Conversation Context

Maintain conversation history for context-aware responses:
class ConversationalVoiceAgent {
    private var conversationContext: [Message] = []

    struct Message {
        let role: String
        let content: String
    }

    func processWithContext(_ audioData: Data) async throws -> VoiceAgentResult {
        // Transcribe
        let transcription = try await RunAnywhere.voiceAgentTranscribe(audioData)

        // Add to context
        conversationContext.append(Message(role: "user", content: transcription))

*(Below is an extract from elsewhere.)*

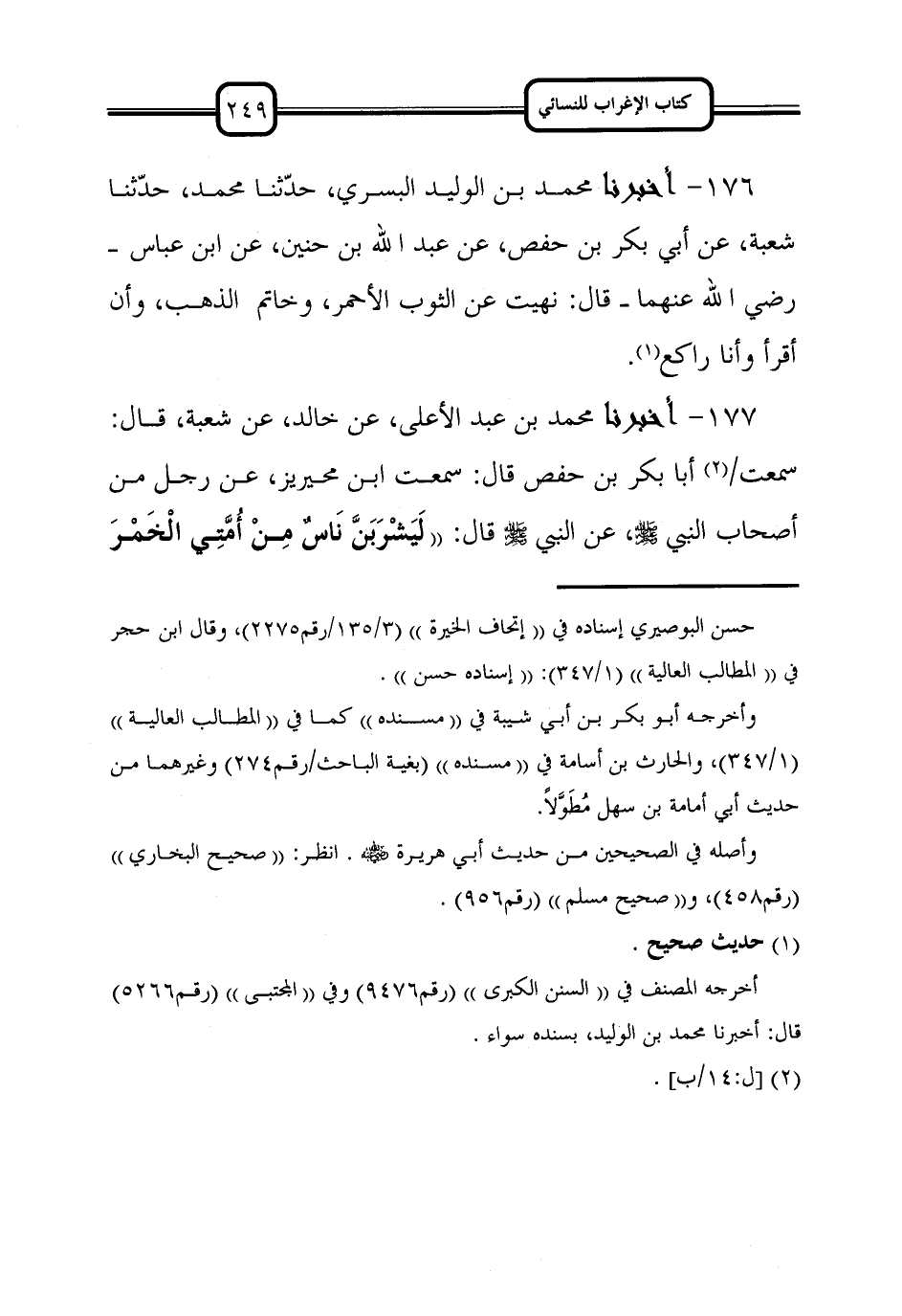 177 - أَخْبَرَنَا مُحَمَّدُ بْنُ عَبْدِ الأَعْلَى، عَنْ خَالِدٍ، عَنْ شُعْبَةَ، قَالَ: سَمِعْتُ أَبَا بَكْرِ بْنَ حَفْصٍ قَالَ: سَمِعْتُ ابْنَ مُحَيْرِيزٍ، عَنْ رَجُلٍ مِنْ أَصْحَابِ النَّبِيِّ صَلَّى اللَّهُ عَلَيْهِ وَسَلَّمَ، عَنِ النَّبِيِّ صَلَّى اللَّهُ عَلَيْهِ وَسَلَّمَ قَالَ: ((لَيَشْرَبَنَّ ناسٌ مِنْ أُمَّتِي الْخَمْرَ -[250]- يُسَمُّونَهَا بِغَيْرِ اسمها)).

        // Build context prompt
        let contextPrompt = conversationContext
            .suffix(10)  // Last 10 messages
            .map { "\($0.role): \($0.content)" }
            .joined(separator: "\n")

        // Generate response with context
        let response = try await RunAnywhere.voiceAgentGenerateResponse(contextPrompt)

        // Add response to context
        conversationContext.append(Message(role: "assistant", content: response))

        // Synthesize
        let audio = try await RunAnywhere.voiceAgentSynthesizeSpeech(response)

        return VoiceAgentResult(
            speechDetected: true,
            transcription: transcription,
            response: response,
            synthesizedAudio: audio
        )
    }

    func clearContext() {
        conversationContext.removeAll()
    }
}

Error Handling

do {
    try await RunAnywhere.initializeVoiceAgent(config)
    let result = try await RunAnywhere.processVoiceTurn(audioData)
} catch let error as SDKError {
    switch error.code {
    case .notInitialized:
        print("Initialize voice agent first")
    case .modelNotFound:
        print("Required model not loaded")
    case .processingFailed:
        print("Processing failed: \(error.message)")
    default:
        print("Error: \(error)")
    }
}

Cleanup

Always clean up when done:
await RunAnywhere.cleanupVoiceAgent()

Best Practices

Load all models during app initialization to avoid delays during conversation.
Properly handle audio session interruptions (phone calls, etc.).
Show clear visual indicators for listening, processing, and speaking states.
Implement graceful error recovery to maintain conversation flow.